Dataset excerpt ->
====
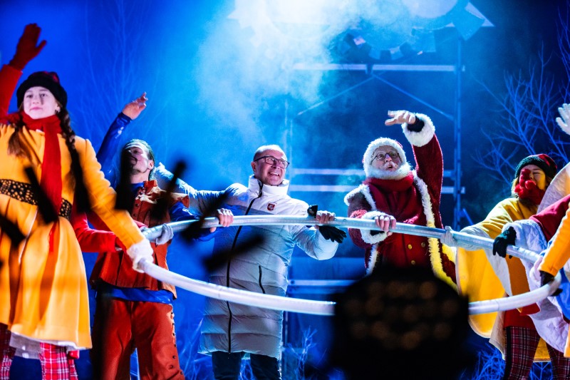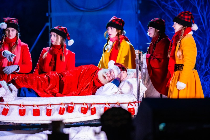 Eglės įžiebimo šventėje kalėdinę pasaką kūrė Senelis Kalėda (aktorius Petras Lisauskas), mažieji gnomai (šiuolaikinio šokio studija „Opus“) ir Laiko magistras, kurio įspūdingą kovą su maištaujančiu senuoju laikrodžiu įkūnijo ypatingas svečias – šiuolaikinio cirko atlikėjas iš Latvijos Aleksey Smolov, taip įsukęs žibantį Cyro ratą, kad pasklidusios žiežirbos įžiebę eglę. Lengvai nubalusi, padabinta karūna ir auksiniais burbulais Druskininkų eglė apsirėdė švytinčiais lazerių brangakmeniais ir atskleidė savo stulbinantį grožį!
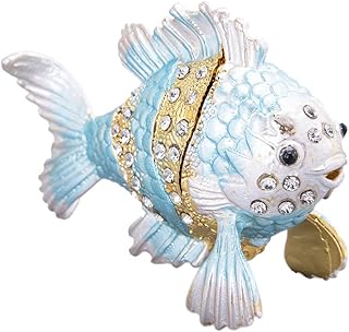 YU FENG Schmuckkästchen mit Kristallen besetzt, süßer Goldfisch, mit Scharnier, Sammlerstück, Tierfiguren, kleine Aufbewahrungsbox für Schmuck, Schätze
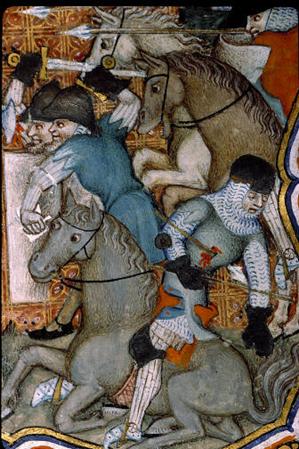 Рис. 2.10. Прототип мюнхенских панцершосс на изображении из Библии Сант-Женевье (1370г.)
====
To do -> Extract the lines beginning with the one that contains "YU FENG Schmuckkästchen" and ending with the last line of the listing. Keep them exact and drop the pictures.

Result for this task ->
 YU FENG Schmuckkästchen mit Kristallen besetzt, süßer Goldfisch, mit Scharnier, Sammlerstück, Tierfiguren, kleine Aufbewahrungsbox für Schmuck, Schätze
 Рис. 2.10. Прототип мюнхенских панцершосс на изображении из Библии Сант-Женевье (1370г.)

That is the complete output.